Меня словно ударили в грудь. Он вообще не знал меня. Он не знал, что связывает нас с Лидией, как сильно мы помогали друг другу. И он понятия не имел, как мы нуждаемся друг в друге, сейчас больше, чем когда-либо.

Я пришел сюда не в ожидании получить благословение. Никакой отец не захотел бы, чтобы его дочь начала отношения со своим учителем, это понятно. Но пренебрежительный тон, каким он говорил со мной, и тот факт, что он пытается меня запугать, были смешны. Его деньги мне абсолютно безразличны. Не ему указывать мне, что я должен делать и чего не делать, и уж тем более ему не стоило угрожать.

– Я не уверен, что последую вашему совету, сэр.

– Тогда я хотел бы выразиться точнее, мистер Саттон, – сказал он, подавшись вперед и сцепив руки. Краем глаза я отметил, как побелели костяшки его пальцев. – Вы должны немедленно прекратить всякий контакт с моей дочерью. Если я узнаю, что вы поддерживаете общение с Лидией или хоть раз окажетесь вблизи нее, я позабочусь о том, чтобы вы пожалели об этом.

Он произнес эти слова с уверенностью человека, который всегда добивается своего и не терпит возражений.

Я спросил себя, не должен ли испытывать страх, но вместо этого думал о Лидии. О том, что мы пережили друг с другом, и о том, что нам готовит будущее.

В прошлую субботу, на весеннем балу мне стало ясно, что я больше не могу противиться своим чувствам к Лидии. Я сделал свой выбор. Я понимаю, что будет нелегко. Ее отец, может быть, самое большое препятствие на нашем пути, но далеко не единственное. Без Лидии моя жизнь бесцветна. Без нее она просто не имеет смысла. И что бы ни случилось, я не отступлюсь без борьбы. Я не позволю отнять у меня Лидию, тем более отцу, который только и делал, что унижал ее, хотя она способна на многое.

– При всем уважении, мистер Бофорт, это даже не рассматривается, – сказал я, и мой голос звучал не менее холодно, чем его.
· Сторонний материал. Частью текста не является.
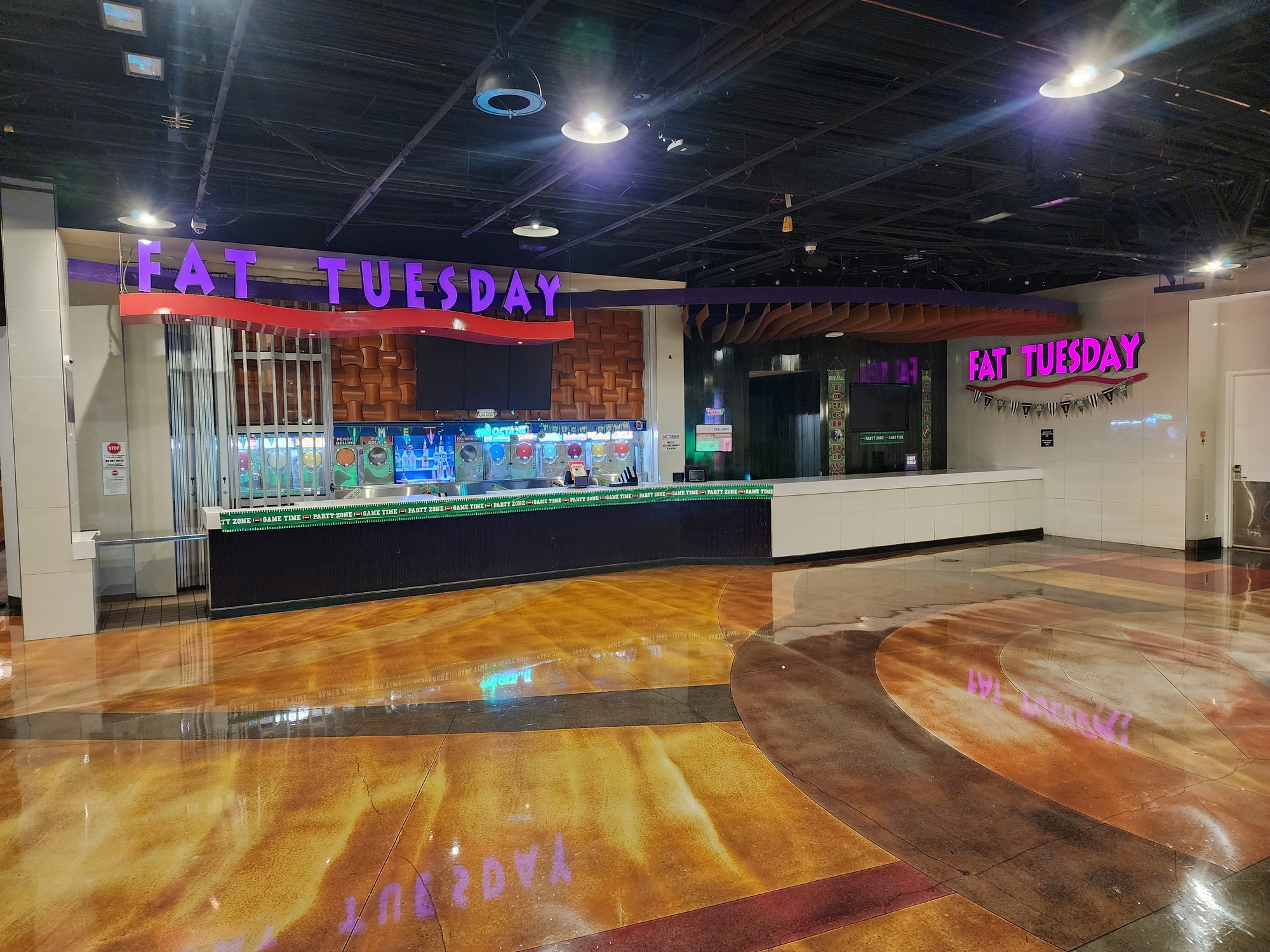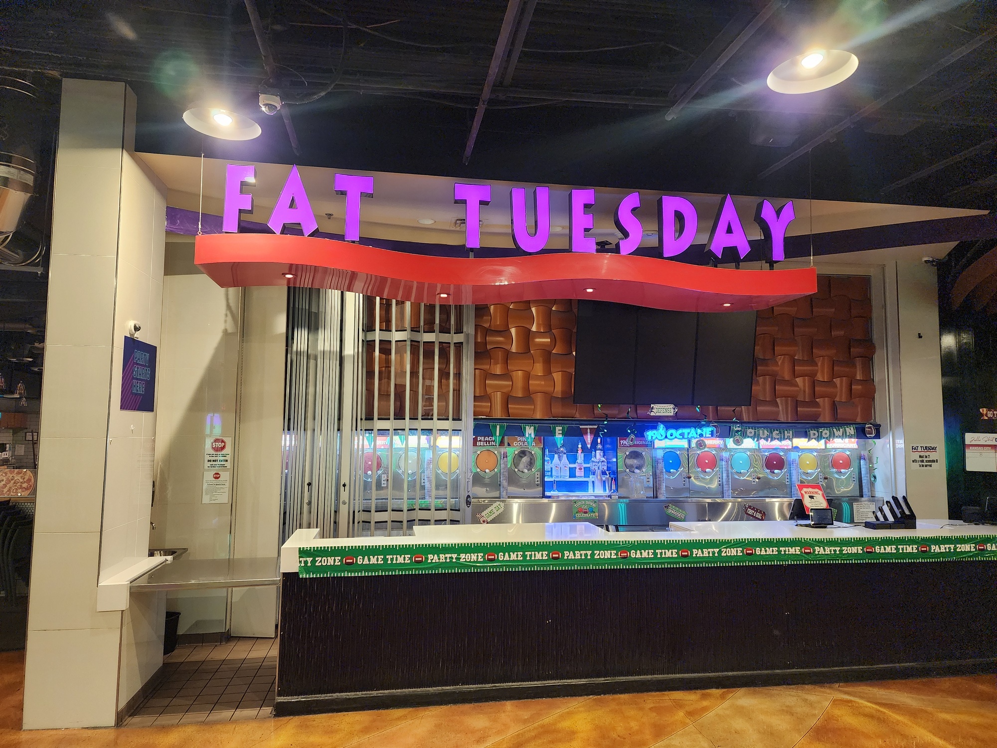 Fat Tuesday was first established in 1984 in New Orleans (the name is a translation of the French Mardi Gras). Today the chain has restaurants in nearly 90 locations across the United States and abroad. The logo uses Lithos (1989). Shown here is the Fat Tuesday restaurant inside the MGM Grand hotel, Las Vegas, Nevada, USA.

Теперь наступила очередь мистера Бофорта дважды растерянно моргнуть. Кажется, он не привык, чтобы кто-то ему возражал. Этот момент длился всего лишь долю секунды, а потом он снова овладел собой. Я слышал его выдох.
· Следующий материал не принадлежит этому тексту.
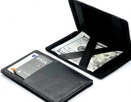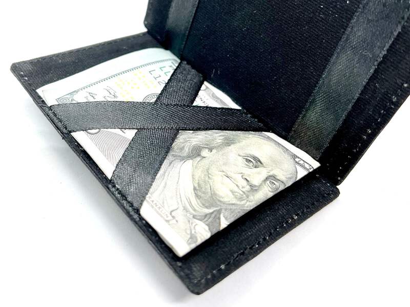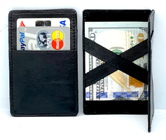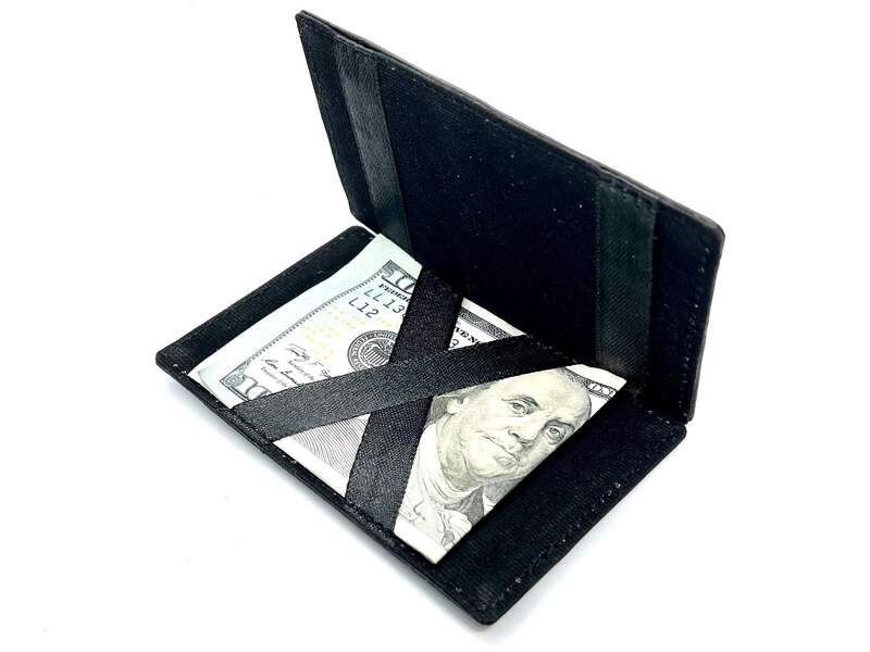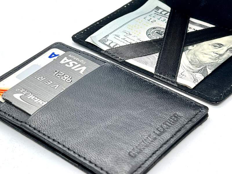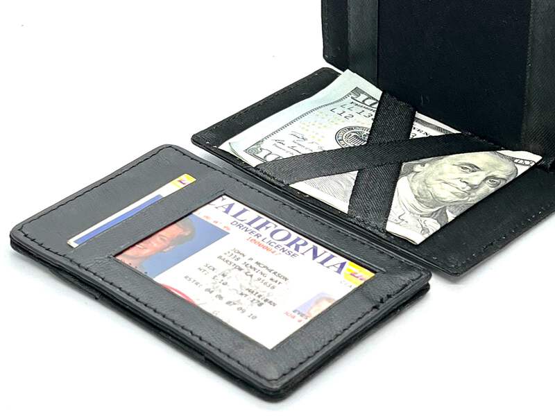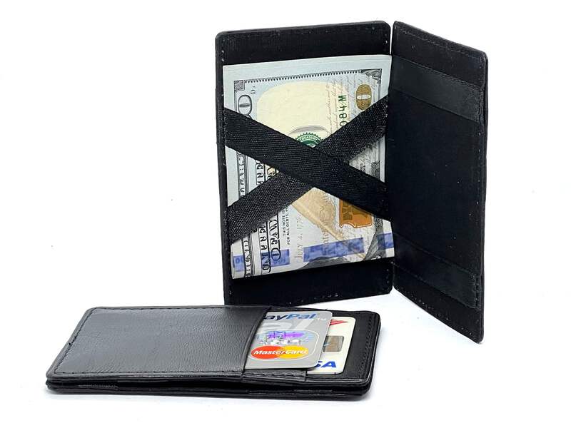Features:Condition: NewMaterial: Genuine LeatherThe flap can flip both sides, Secure Money and ticket holder DesignCan put Movie ticket(folded), receipt, cash, will be safely secured behind the Mystery Wallet ribbons(due to tightness of the design it's not very-elastic and it's normal to flip it open half way but not full).Inside Detail: Safety Money note and Ticket holderLength: about 4.125 inchesWidth: about 2.5inches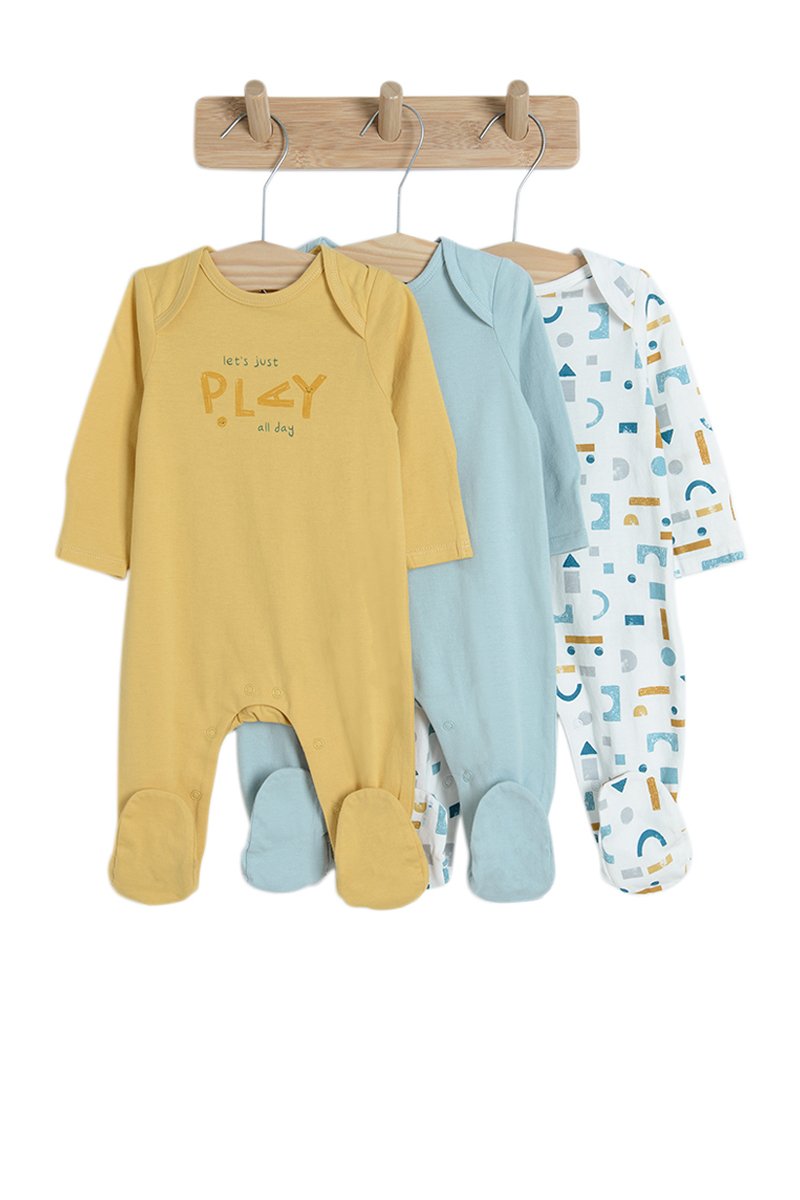 3 grenouillères - Moutarde, ciel et blanc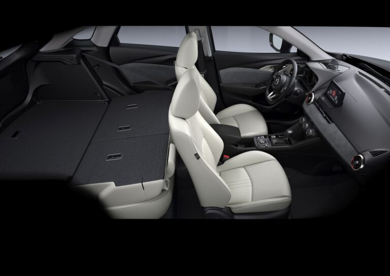 Dodatkowo, od deski rozdzielczej po wykończenie drzwi, materiał przypominający zamsz zapewnia wyrafinowaną atmosferę dla pasażerów CX-3. Kolorystyka została uproszczona, z szarym jako kolorem bazowym, uzupełnionym przez białe lub czarne skórzane fotele w wyższych modelach. Nowe czerwone akcenty wokół wentylacji HVAC CX-3 mają bogaty blask, podobny do Soul Red Crystal. Wysoki połysk plisowanego obszycia na skórzanych siedzeniach CX-3 uzupełnia jego radykalny, a zarazem wyszukany styl.

– Хорошо. Тогда давайте подойдем к делу по-другому.

Он нагнулся в сторону и поднял на стол чемоданчик-«дипломат». Развернул его ко мне лицом и щелкнул двумя замками.
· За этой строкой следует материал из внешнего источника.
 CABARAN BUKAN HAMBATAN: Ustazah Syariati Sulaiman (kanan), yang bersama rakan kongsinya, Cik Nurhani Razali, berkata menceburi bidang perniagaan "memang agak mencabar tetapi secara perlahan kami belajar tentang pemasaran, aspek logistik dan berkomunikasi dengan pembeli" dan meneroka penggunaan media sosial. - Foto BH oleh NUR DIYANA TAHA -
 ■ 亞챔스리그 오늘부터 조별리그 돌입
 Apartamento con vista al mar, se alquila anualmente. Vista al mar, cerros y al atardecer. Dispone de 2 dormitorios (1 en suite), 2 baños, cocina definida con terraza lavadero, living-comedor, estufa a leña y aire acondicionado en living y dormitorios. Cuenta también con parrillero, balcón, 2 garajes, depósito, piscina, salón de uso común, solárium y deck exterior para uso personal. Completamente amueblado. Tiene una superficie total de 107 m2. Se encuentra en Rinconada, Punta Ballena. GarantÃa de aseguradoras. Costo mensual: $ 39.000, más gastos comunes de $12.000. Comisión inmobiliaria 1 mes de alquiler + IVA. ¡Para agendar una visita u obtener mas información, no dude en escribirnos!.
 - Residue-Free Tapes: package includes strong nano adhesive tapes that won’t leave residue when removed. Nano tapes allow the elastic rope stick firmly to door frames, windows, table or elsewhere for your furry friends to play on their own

Когда крышка поднялась, я стиснул зубы так, что они скрипнули.

Лицо королевы улыбалось мне с купюр в стократно размноженном виде.

Воротник рубашки вдруг показался мне нестерпимо тесным, и я едва удержался, чтобы не расстегнуть его. Я медленно поднял взгляд и уставился на безэмоциональное лицо мистера Бофорта.

– Расценивайте это как возмещение неудобств, – непоколебимо продолжал он.

Пульс ускорился, и я тщетно пытался сделать глубокий вдох.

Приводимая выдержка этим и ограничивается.